(Beginning of Records supplied)

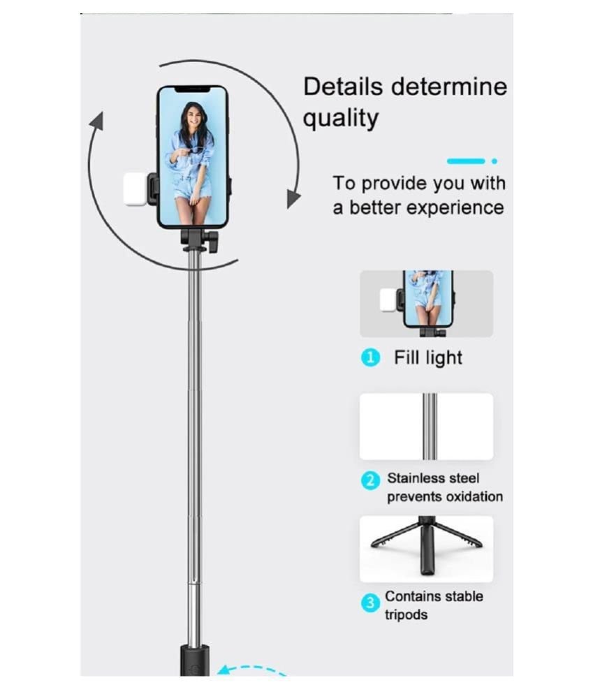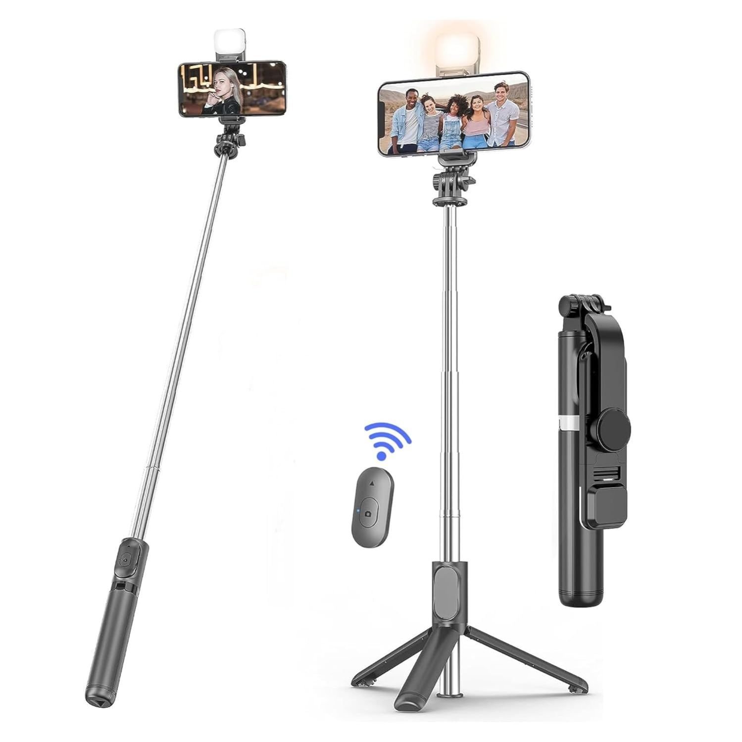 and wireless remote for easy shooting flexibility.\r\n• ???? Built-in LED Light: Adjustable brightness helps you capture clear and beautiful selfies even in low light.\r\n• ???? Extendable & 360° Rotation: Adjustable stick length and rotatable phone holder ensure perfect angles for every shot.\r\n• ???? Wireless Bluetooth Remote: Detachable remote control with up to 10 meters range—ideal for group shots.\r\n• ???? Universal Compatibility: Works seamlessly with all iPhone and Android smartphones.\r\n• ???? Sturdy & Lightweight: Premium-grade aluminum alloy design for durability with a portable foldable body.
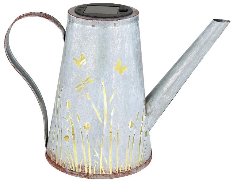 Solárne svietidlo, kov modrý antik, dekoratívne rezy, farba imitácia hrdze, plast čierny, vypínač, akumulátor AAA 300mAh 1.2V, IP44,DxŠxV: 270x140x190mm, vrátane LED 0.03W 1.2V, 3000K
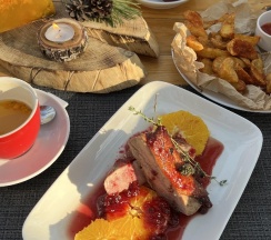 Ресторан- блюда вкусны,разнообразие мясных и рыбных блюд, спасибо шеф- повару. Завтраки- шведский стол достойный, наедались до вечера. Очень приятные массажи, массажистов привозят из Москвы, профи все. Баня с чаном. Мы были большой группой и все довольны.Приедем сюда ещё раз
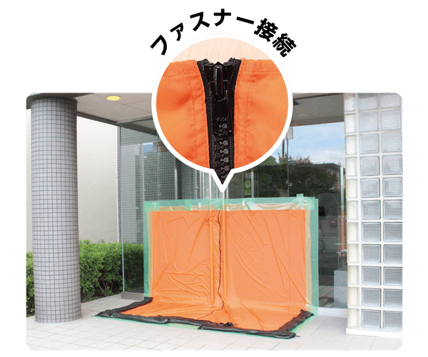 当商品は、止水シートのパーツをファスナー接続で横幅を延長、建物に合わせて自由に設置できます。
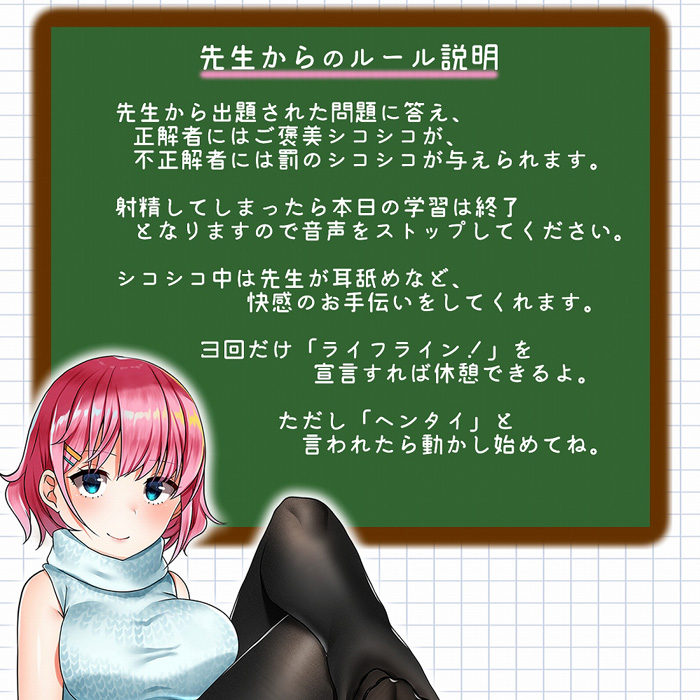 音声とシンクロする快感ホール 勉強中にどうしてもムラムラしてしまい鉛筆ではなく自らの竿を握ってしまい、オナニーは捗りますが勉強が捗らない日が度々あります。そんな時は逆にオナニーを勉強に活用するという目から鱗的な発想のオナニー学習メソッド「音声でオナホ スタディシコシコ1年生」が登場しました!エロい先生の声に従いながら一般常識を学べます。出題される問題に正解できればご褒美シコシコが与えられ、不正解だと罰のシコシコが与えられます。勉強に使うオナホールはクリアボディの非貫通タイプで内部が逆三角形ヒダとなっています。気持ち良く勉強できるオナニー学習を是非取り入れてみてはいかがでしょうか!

(End of Records supplied)

Could you write all the entries out again exactly, but without their pictures?

**Exercise result**
 and wireless remote for easy shooting flexibility.\r\n• ???? Built-in LED Light: Adjustable brightness helps you capture clear and beautiful selfies even in low light.\r\n• ???? Extendable & 360° Rotation: Adjustable stick length and rotatable phone holder ensure perfect angles for every shot.\r\n• ???? Wireless Bluetooth Remote: Detachable remote control with up to 10 meters range—ideal for group shots.\r\n• ???? Universal Compatibility: Works seamlessly with all iPhone and Android smartphones.\r\n• ???? Sturdy & Lightweight: Premium-grade aluminum alloy design for durability with a portable foldable body.
 Solárne svietidlo, kov modrý antik, dekoratívne rezy, farba imitácia hrdze, plast čierny, vypínač, akumulátor AAA 300mAh 1.2V, IP44,DxŠxV: 270x140x190mm, vrátane LED 0.03W 1.2V, 3000K
 Ресторан- блюда вкусны,разнообразие мясных и рыбных блюд, спасибо шеф- повару. Завтраки- шведский стол достойный, наедались до вечера. Очень приятные массажи, массажистов привозят из Москвы, профи все. Баня с чаном. Мы были большой группой и все довольны.Приедем сюда ещё раз
 当商品は、止水シートのパーツをファスナー接続で横幅を延長、建物に合わせて自由に設置できます。
 音声とシンクロする快感ホール 勉強中にどうしてもムラムラしてしまい鉛筆ではなく自らの竿を握ってしまい、オナニーは捗りますが勉強が捗らない日が度々あります。そんな時は逆にオナニーを勉強に活用するという目から鱗的な発想のオナニー学習メソッド「音声でオナホ スタディシコシコ1年生」が登場しました!エロい先生の声に従いながら一般常識を学べます。出題される問題に正解できればご褒美シコシコが与えられ、不正解だと罰のシコシコが与えられます。勉強に使うオナホールはクリアボディの非貫通タイプで内部が逆三角形ヒダとなっています。気持ち良く勉強できるオナニー学習を是非取り入れてみてはいかがでしょうか!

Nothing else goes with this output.